§ **TASK MATERIAL**
——————————
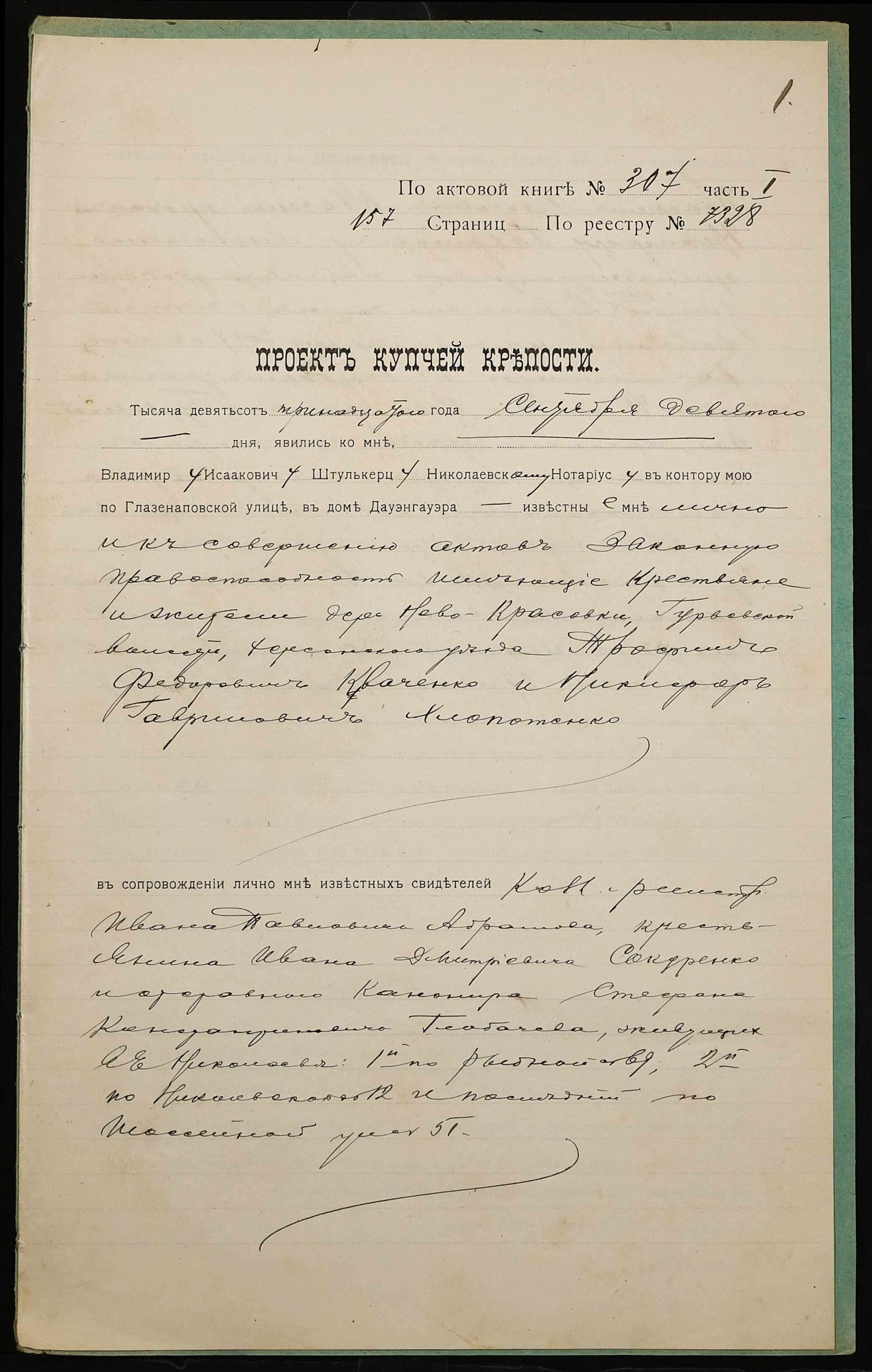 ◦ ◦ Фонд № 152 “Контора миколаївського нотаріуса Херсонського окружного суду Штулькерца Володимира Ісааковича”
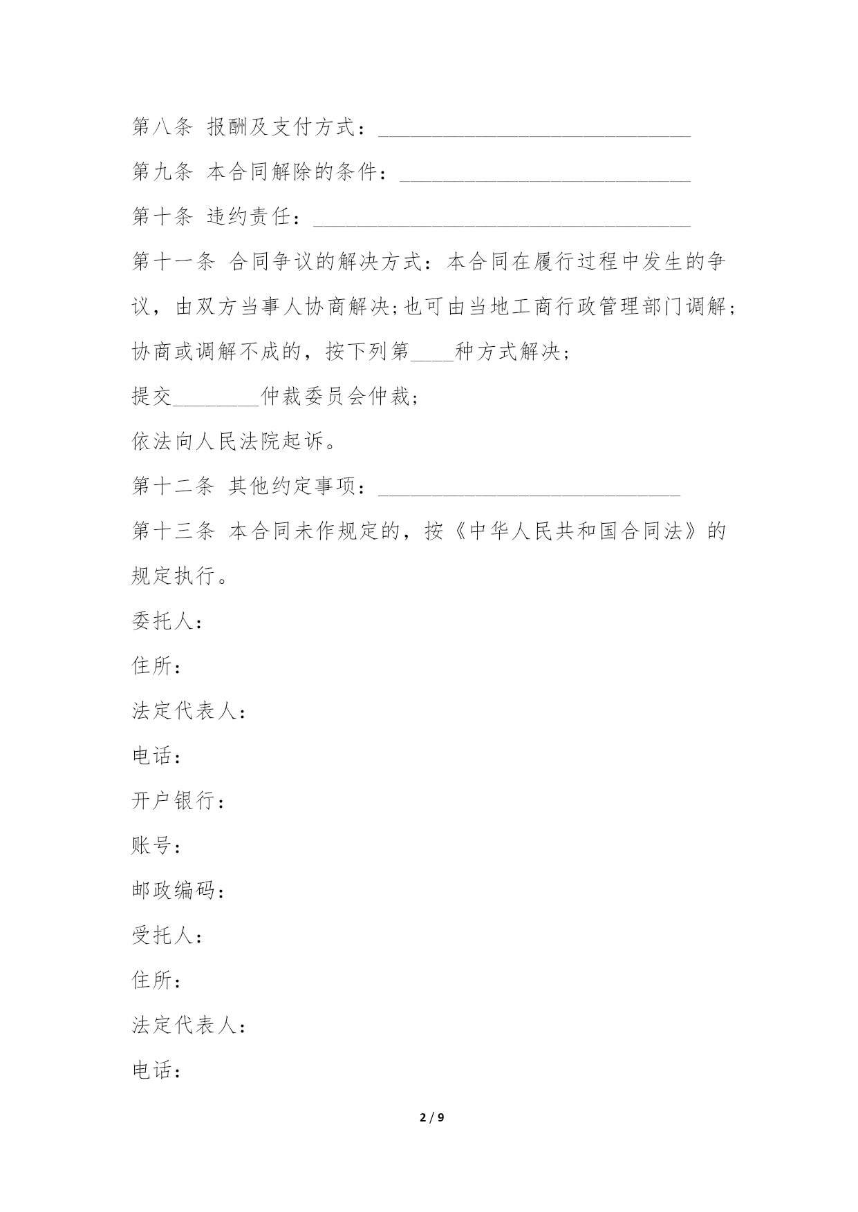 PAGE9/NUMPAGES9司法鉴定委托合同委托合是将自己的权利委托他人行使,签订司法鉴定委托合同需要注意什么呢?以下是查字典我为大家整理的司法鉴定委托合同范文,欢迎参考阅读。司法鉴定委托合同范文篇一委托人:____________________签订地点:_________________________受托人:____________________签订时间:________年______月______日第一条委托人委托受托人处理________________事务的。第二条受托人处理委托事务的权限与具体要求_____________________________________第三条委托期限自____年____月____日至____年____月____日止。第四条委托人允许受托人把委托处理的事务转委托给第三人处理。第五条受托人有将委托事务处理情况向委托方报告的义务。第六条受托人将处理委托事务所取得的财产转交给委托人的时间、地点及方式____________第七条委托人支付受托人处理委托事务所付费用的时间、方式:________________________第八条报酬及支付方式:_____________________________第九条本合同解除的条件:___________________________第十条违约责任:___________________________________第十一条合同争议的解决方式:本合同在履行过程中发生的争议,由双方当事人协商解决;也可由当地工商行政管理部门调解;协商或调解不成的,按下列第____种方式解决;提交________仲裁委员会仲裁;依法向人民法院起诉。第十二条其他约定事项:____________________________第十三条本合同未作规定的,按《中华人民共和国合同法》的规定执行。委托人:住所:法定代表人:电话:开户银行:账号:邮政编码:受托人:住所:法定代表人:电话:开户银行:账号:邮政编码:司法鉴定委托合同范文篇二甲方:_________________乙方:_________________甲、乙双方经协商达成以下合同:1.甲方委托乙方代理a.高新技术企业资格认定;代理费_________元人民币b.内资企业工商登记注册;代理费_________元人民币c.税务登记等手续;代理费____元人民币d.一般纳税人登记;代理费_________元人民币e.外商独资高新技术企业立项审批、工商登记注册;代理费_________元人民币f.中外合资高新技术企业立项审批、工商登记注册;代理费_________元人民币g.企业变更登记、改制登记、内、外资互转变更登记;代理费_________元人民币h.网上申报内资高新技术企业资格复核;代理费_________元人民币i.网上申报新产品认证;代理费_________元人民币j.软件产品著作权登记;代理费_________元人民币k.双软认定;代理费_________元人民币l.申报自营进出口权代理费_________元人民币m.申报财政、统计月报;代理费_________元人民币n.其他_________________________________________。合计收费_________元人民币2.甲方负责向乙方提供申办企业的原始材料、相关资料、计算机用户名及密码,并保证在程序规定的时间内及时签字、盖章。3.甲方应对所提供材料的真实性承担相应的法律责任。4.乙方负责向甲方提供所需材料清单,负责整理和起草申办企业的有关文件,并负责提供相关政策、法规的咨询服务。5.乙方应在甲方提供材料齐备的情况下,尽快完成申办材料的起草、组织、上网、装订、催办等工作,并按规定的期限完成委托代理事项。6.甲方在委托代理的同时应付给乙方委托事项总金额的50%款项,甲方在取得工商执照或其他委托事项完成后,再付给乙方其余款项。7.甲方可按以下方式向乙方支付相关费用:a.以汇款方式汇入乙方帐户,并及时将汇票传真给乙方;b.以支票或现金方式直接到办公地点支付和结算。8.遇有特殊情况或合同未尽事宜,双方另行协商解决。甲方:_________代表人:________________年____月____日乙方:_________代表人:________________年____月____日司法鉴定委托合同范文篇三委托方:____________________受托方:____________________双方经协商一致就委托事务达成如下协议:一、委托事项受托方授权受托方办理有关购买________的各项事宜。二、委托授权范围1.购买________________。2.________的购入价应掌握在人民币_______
——————————
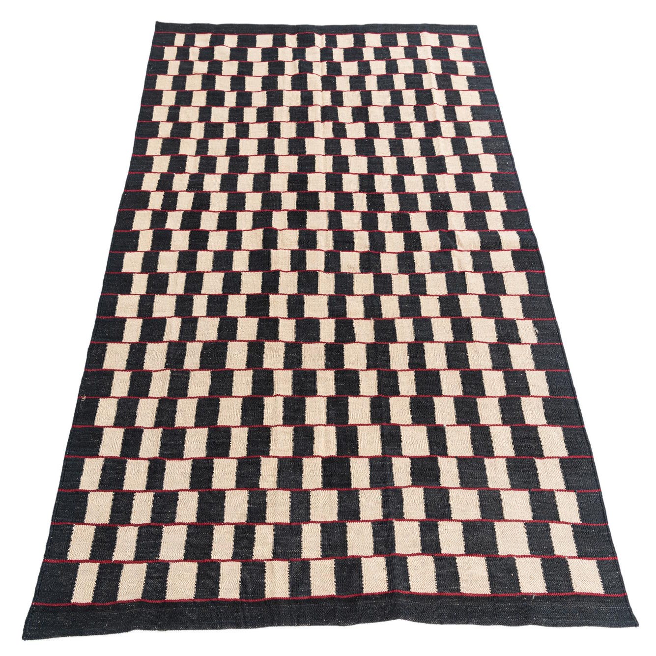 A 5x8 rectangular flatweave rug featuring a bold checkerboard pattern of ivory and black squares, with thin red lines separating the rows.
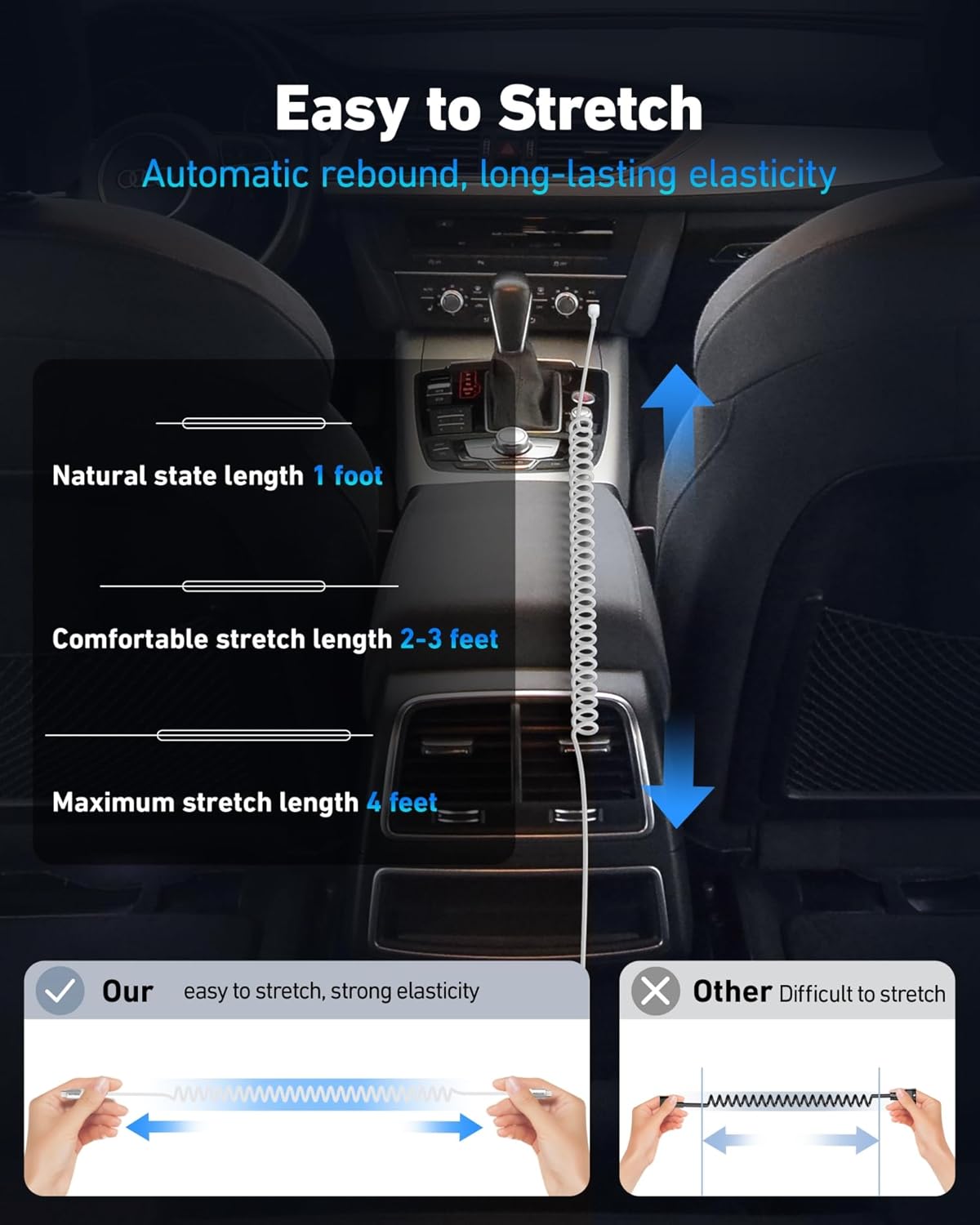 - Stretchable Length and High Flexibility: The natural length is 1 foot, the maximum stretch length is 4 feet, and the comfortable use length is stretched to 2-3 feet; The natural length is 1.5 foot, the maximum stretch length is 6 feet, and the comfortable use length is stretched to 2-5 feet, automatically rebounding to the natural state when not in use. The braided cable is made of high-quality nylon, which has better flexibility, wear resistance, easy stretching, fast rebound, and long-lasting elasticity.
——————————
§ **TASK TO CARRY OUT**
Reproduce word for word, with pictures dropped, only the part of the material above that opens with the line containing "миколаївського нотаріуса Херсонського" and closes with the line containing "PAGE9/NUMPAGES".

§ **RESPONSE AREA**
 ◦ ◦ Фонд № 152 “Контора миколаївського нотаріуса Херсонського окружного суду Штулькерца Володимира Ісааковича”
 PAGE9/NUMPAGES9司法鉴定委托合同委托合是将自己的权利委托他人行使,签订司法鉴定委托合同需要注意什么呢?以下是查字典我为大家整理的司法鉴定委托合同范文,欢迎参考阅读。司法鉴定委托合同范文篇一委托人:____________________签订地点:_________________________受托人:____________________签订时间:________年______月______日第一条委托人委托受托人处理________________事务的。第二条受托人处理委托事务的权限与具体要求_____________________________________第三条委托期限自____年____月____日至____年____月____日止。第四条委托人允许受托人把委托处理的事务转委托给第三人处理。第五条受托人有将委托事务处理情况向委托方报告的义务。第六条受托人将处理委托事务所取得的财产转交给委托人的时间、地点及方式____________第七条委托人支付受托人处理委托事务所付费用的时间、方式:________________________第八条报酬及支付方式:_____________________________第九条本合同解除的条件:___________________________第十条违约责任:___________________________________第十一条合同争议的解决方式:本合同在履行过程中发生的争议,由双方当事人协商解决;也可由当地工商行政管理部门调解;协商或调解不成的,按下列第____种方式解决;提交________仲裁委员会仲裁;依法向人民法院起诉。第十二条其他约定事项:____________________________第十三条本合同未作规定的,按《中华人民共和国合同法》的规定执行。委托人:住所:法定代表人:电话:开户银行:账号:邮政编码:受托人:住所:法定代表人:电话:开户银行:账号:邮政编码:司法鉴定委托合同范文篇二甲方:_________________乙方:_________________甲、乙双方经协商达成以下合同:1.甲方委托乙方代理a.高新技术企业资格认定;代理费_________元人民币b.内资企业工商登记注册;代理费_________元人民币c.税务登记等手续;代理费____元人民币d.一般纳税人登记;代理费_________元人民币e.外商独资高新技术企业立项审批、工商登记注册;代理费_________元人民币f.中外合资高新技术企业立项审批、工商登记注册;代理费_________元人民币g.企业变更登记、改制登记、内、外资互转变更登记;代理费_________元人民币h.网上申报内资高新技术企业资格复核;代理费_________元人民币i.网上申报新产品认证;代理费_________元人民币j.软件产品著作权登记;代理费_________元人民币k.双软认定;代理费_________元人民币l.申报自营进出口权代理费_________元人民币m.申报财政、统计月报;代理费_________元人民币n.其他_________________________________________。合计收费_________元人民币2.甲方负责向乙方提供申办企业的原始材料、相关资料、计算机用户名及密码,并保证在程序规定的时间内及时签字、盖章。3.甲方应对所提供材料的真实性承担相应的法律责任。4.乙方负责向甲方提供所需材料清单,负责整理和起草申办企业的有关文件,并负责提供相关政策、法规的咨询服务。5.乙方应在甲方提供材料齐备的情况下,尽快完成申办材料的起草、组织、上网、装订、催办等工作,并按规定的期限完成委托代理事项。6.甲方在委托代理的同时应付给乙方委托事项总金额的50%款项,甲方在取得工商执照或其他委托事项完成后,再付给乙方其余款项。7.甲方可按以下方式向乙方支付相关费用:a.以汇款方式汇入乙方帐户,并及时将汇票传真给乙方;b.以支票或现金方式直接到办公地点支付和结算。8.遇有特殊情况或合同未尽事宜,双方另行协商解决。甲方:_________代表人:________________年____月____日乙方:_________代表人:________________年____月____日司法鉴定委托合同范文篇三委托方:____________________受托方:____________________双方经协商一致就委托事务达成如下协议:一、委托事项受托方授权受托方办理有关购买________的各项事宜。二、委托授权范围1.购买________________。2.________的购入价应掌握在人民币_______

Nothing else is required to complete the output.